At the time of the judgment in the TVA vs. Hill case, section 7 of the ESA contained the following wording: “Federal departments and agencies shall…with the assistance of the Secretary, utilize their authorities in furtherance of the purposes of [the] Act by carrying out programs for the conservation of endangered species ….and by taking such action necessary to insure that actions authorized, funded or carried out by them do not jeopardize the continued existence of such endangered species…” Section 7, as noted above, prohibited any actions that might jeopardize the continued existence of any endangered species. If we set the issue of the environment aside and examine the judgment under the light of Constitutional Law – which is the current manner in which American legislators have been viewing the TVA vs. Hill case -, we will note that said ruling completes a lesson in separating the Branches and the exemption of the Judiciary in light of pressure exerted by the Executive Branch. Note, as well, that important works in Environmental Law no longer refer to TVA vs. Hill as essential study material , as they consider the issue to have been surpassed.

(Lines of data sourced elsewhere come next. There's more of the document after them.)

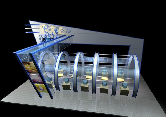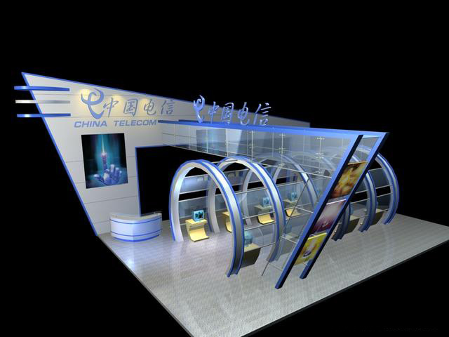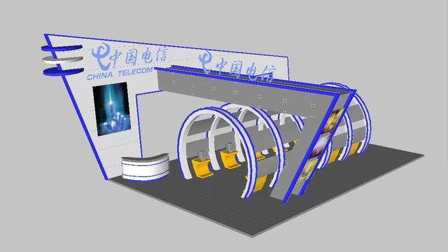 電信展廳全套草圖大師SU模型,含3dmax模型CAD圖渲染圖PSD效果圖,非常完整的一套展廳方案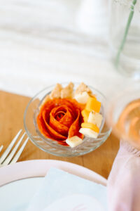 Esthetician Devinne crafted a makeup look that perfectly enhanced the bride’s enchanting vibe. A dewy, rosy glow was achieved with a flawless, natural finish, while a bright pink blush and romantic peachy pink lip provided a vibrant pop, complementing the florals and adding to the overall fresh and light appearance.
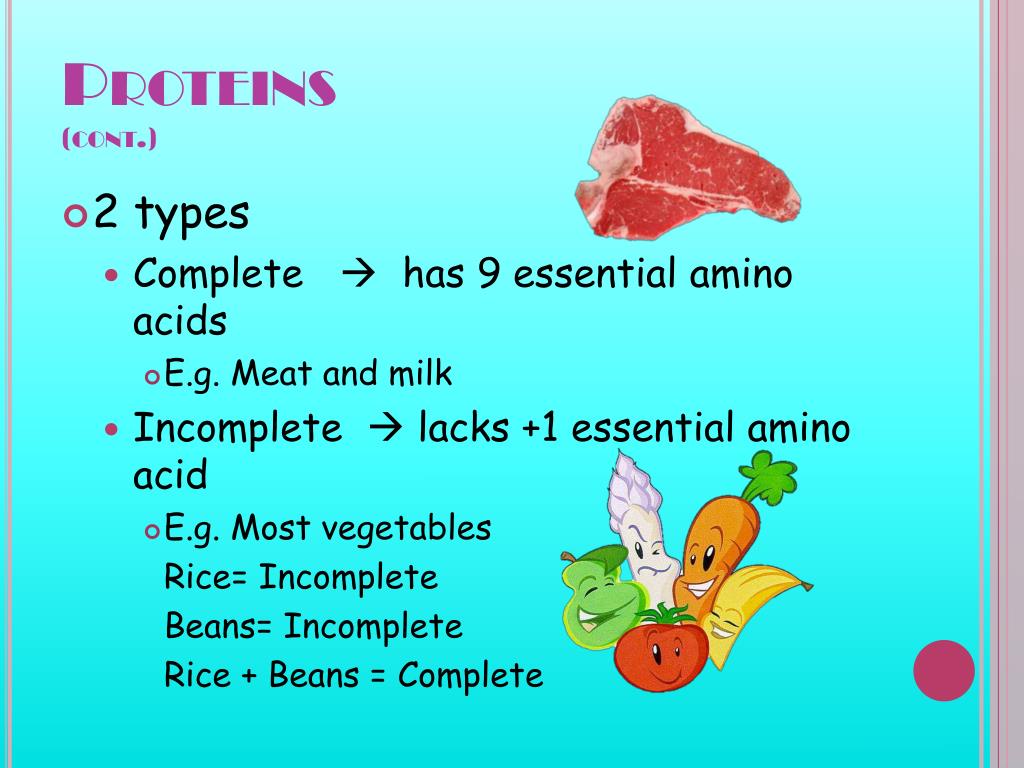 Proteins(cont.) • 2 types • Complete has 9 essential amino acids • E.g. Meat and milk • Incomplete lacks +1 essential amino acid • E.g. Most vegetables Rice= Incomplete Beans= Incomplete Rice + Beans = Complete

The constitutional key to the decision in TVA vs. Hill rests in the following excerpt from Chief Justice Burger’s vote: “It may seem curious to some that the survival of a relatively small number of three-inch fish among all the countless millions of species extant would require the permanent halting of a virtually completed dam for which Congress has expended more than $ 100 million. The paradox is not minimized by the fact that Congress continued to appropriate large sums of public money for the project, even after congressional Appropriations Committees were apprised of its apparent impact upon the survival of the sail darter. We conclude however that the explicit provisions of the Endangered Species Act require precisely that result.”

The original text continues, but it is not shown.